Breast density and tissue stiffness are both known as risk factors for breast cancer, but there was no previous study investigating their correlations using 3D MRI. As both breast density and stiffness are associated with collagen content of the fibroglandular tissue, developing a method that allows investigation of their regional correlation may help to understand whether they are dependent or independent risk factors. Breast MRI is acquired with the subject in the prone position, but the ultrasound is done with the subject in the supine position; therefore, it is difficult to find matched, corresponding, tissue regions. In this study we applied the inversed gravity loaded model to simulate the deformation of the breast from prone to supine position, so the corresponding tissue region on MRI can be estimated based on the US stiffness measurement depth and window.

The breast stiffness of the normal breast tissue was measured by using the SWE, i.e. VTIQ technology. This technique is based on displacement induced ARFI excitation from the transducer, and is quantitative, less examiner-dependent, and with a higher reproducibility [32]. Although the breast stiffness of the normal breast tissue is less studied using SWE technique [17], clinically, SWE has been shown to improve the specificity of ultrasound and allows quantification of stiffness of breast lesions; and it shows that breast cancers are generally stiffer, while benign masses are softer [33, 34, 35]. Further, the mean stiffness measured with SWE in ductal carcinoma in situ (DCIS) could predict histological upgrade to invasive cancer [36]. Stiffness of breast cancer was also found to be an independent predictor of lymph node metastasis and thus could provide additional prognostic information for assessment of tumor aggressiveness and staging [37]. In this study the SWE method was applied to measure stiffness of the normal breast tissue for correlation with breast tissue density.
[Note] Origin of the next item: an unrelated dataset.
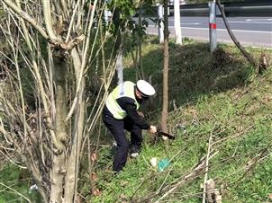 见过交警站岗执勤,疏通路面堵点,抢救事故受人员.....但很少有人见过交警在砍树吧!今天笔者就带你们去看看这些砍树的交警。 3月22日上午,临海永丰

For deformation of MRI from prone to supine positions, we adopted an FEM based strategy. In the prone position the breast was pulled down by the gravity, and the biomechanical simulation was performed to first achieve the zero-gravity state, and then further the inversed gravity state via an iterative algorithm, representing the breast in the supine position. MRI and US were commonly used breast imaging modalities for evaluating lesions, and it was very important to estimate the corresponding location of the lesion in different imaging settings. The matching location was usually done by visual assessment of radiologists based on anatomical landmarks (e.g. quadrants, distance from nipple) shown on US and MRI without the need of breast deformation modeling [38, 39, 40]. Some studies analyzed the spatial displacement of the lesion inside the breast using identifiable markers [41], or manual registration methods based on the sensors placed on the surface of breasts [42, 43]. The bio-mechanical simulation method used in this study was mainly developed for surgical navigation, which could avoid bias from the human’s assessments. Previous studies have shown that this method could generate relatively accurate deformed shapes [25, 28]. Nevertheless, it was a simulation and not able to consider elastic properties of all different tissues in the breast; therefore, it could only provide an estimate of the deformed breast. In order to simulate the US images, we used the thickness of the breast as the stopping criterion in the iterative deformation processes. The depth and the window of stiffness measurement on US was then used to determine the corresponding tissue region ROI on MRI for calculation of local breast density used in the correlation analysis.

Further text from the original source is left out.